Recommended Unifi Firewall Settings
Understand the firewall settings for USG-series Unifi devices and learn how to optimize them for your network.
Written by Thomas Gipson
Updated at May 23rd, 2025
Table of Contents
WARNING: Configuring the settings of your USG may result in a restart. It is recommended to perform these changes outside of your normal office hours.
Create a Smart Queue
A Smart Queue option is available with UniFi Security Gateway that prioritizes traffic and minimizes delays when the router/bandwidth becomes overloaded.
WARNING: Activating the Smart Queue option may reduce the maximum throughput. It is strongly recommended to monitor the available speed with and without Smart QoS enabled.
If you have connection speeds greater than 300Mbps, then it is recommended to NOT enable smart queues.
To activate this option…
- Log into your UniFi's web interface.
- Navigate to Settings → Networks → Internet.
- In the Networks list, click the Internet 1 option listed.
- In the Advanced section, select Smart Queues and set the Downrate and Uprate to match 80% of your network's speeds.
- Click the Save button.
Create a Firewall Rule for VoIP Traffic
To make sure the traffic from your SpectrumVoIP phones, softphones, and web applications do not experience any issues, a new firewall rule will need to be created. This rule would be set up to recognize and allow traffic coming from IP addresses used by SpectrumVoIP services. This rule would also ensure the ports used by our services are open for use.
Step 1: Create a New Rule
To create a new rule for your Unifi router…
- Access your UniFi's web interface.
- Navigate to Settings → Security.
- Create a new rule.
- In the top section, do the following:
- Type - Select Internet In.
- Name - Type an identifiable name, such as SpectrumVoIP
- Action - Select Accept.
- Protocol - Select TCP and UDP.
Step 2: Create an Address Group
For the Source section, an Address Group and Port Object will need to be created to ensure the IP addresses and ports used by SpectrumVoIP services are allowed.

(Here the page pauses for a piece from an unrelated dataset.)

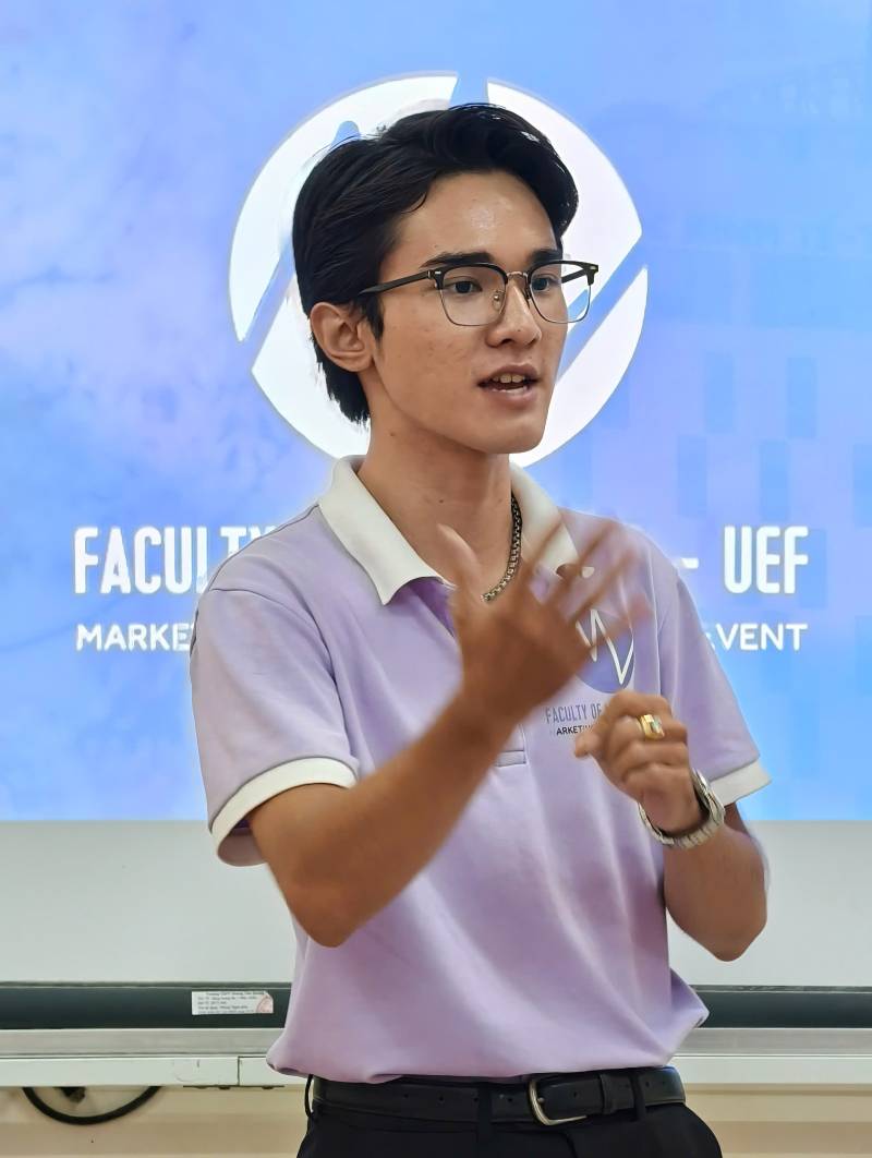 Tiến sĩ Phan Bảo Giang, Trưởng Khoa Marketing UEF, mở đầu phần trình bày với chủ đề "Các hoạt động làm nghề Marketing truyền thông". Với phong cách giảng dạy cuốn hút và hàng loạt ví dụ thực tế từ các chiến dịch nổi tiếng, thầy đã biến những khái niệm phức tạp của marketing trở nên dễ hiểu và gần gũi.

- For the Address Group option of the Source section, click New.
- In the New Object menu, click Add Multiple.
-
Type in the following IP addresses:
- 199.71.209.0/24
- 24.227.249.0/25
- 72.249.136.32/28
- 206.123.122.32/27
- 212.69.157.32/27
- 40.143.31.64/27
-
Text To Speech Services - TCP and UDP
- 54.149.243.27:8000
- 35.175.185.150:8000
- 54.149.243.27:3001
- 35.175.185.150:3001
-
StratusMEETING - TCP and UDP
- 54.188.133.147:3443
- 3.130.158.184:3443
- 35.183.150.146:3443
- Click the Add button.
- In the New Object menu, click the Create button.
Step 3: Create a Port Group
- For the Port Object option of the SOURCE section, click New.

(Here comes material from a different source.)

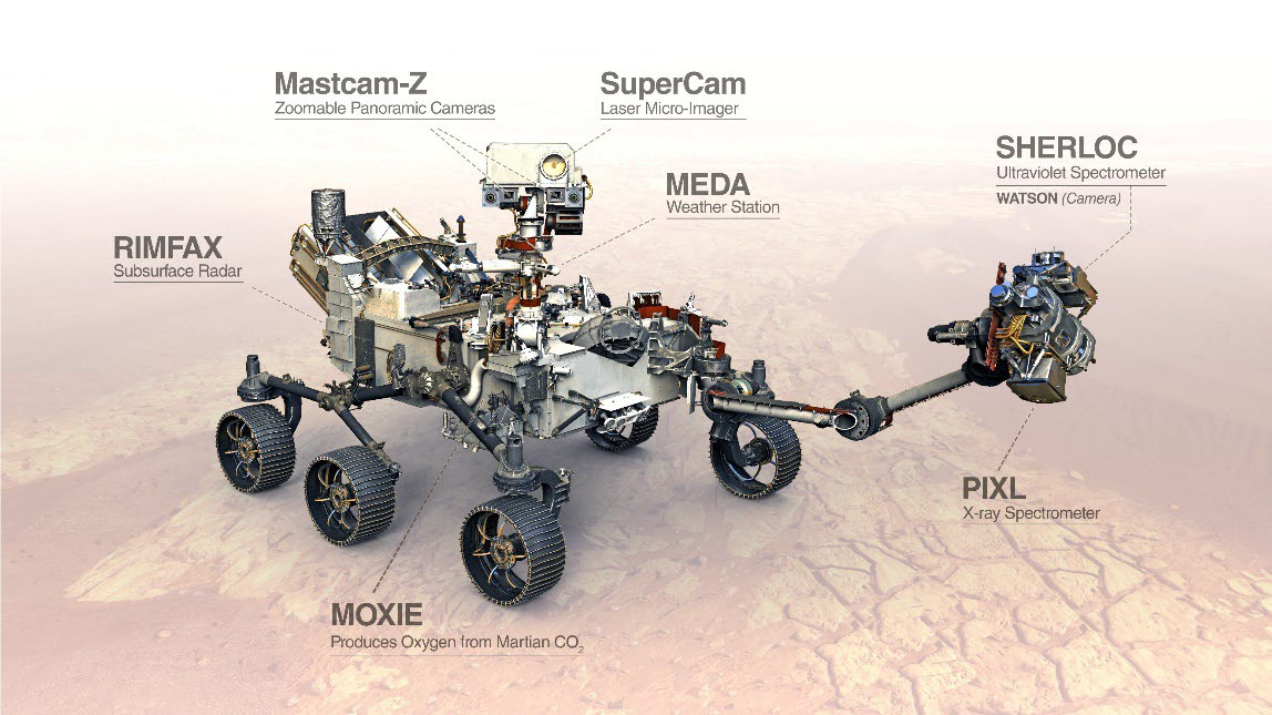 Perseverance verfügt über eine Reihe von hochmodernen wissenschaftlichen Instrumenten, unter denen ein am Roboterarm des Rovers befestigtes Deep-UV-Raman-Spektrometer eine besondere Rolle übernimmt. Das auf den Namen SHERLOC (Scanning Habitable Environments with Raman & Luminescence for Organics & Chemicals) getaufte High-Tech-Gerät ist das erste UV-Raman-Spektrometer auf dem Mars überhaupt. Es ermöglicht dort die berührungslose, räumlich aufgelöste und hochempfindliche Erkennung und Charakterisierung von organischen Stoffen und Mineralien auf der Oberfläche und im nahen Untergrund. Auf der Erde hingegen werden mit der nach dem Physiker C. V. Raman benannten Raman-Spekt-roskopie beispielsweise die Materialeigenschaften von Halbleiterkristallen untersucht.

- In the New Object menu, type an identifiable Name, such as VoIP Ports.
- In the Port section, input the following ports:
-
Main Utilized Ports
- 5060-5062 UDP - SIP
- 20,000-40,000 UDP - RTP
- 80, 443 TCP - HTTP/HTTPS
-
Portal Dynamic Updates
- 8001 - TCP
-
Google's Firebase Cloud Messaging (FCM)
- 443, 5228, 5229, 5230 - TCP
-
Apple's Push Notification Service (APNs)
- 5223, 443, 2197 - TCP
-
StratusWEB PHONE
- 9002 - TCP - websockets
-
Main Utilized Ports
- Click the Create button.
Step 4: Finish Configuring the Source of the Rule
Once you have created the “VoIP” Address Group and the “VoIP Object” Port Object, be sure to select these in the Source section of the new rule.
Step 4: Configure the Destination of the Rule
- In the Destination section, use the Network dropdown to select the network or VLAN the phones will be connected to.
- Click the Add Rule button.
✔ You should now see a new Rule created that will protect SpectrumVoIP traffic.
UniFi Access Points and Switches
By default, The UniFi access points and switches will automatically map the DSCP value to a Wi-Fi Multimedia (WMM) priority. Voice is then automatically given highest priority on these devices, so no further changes are needed.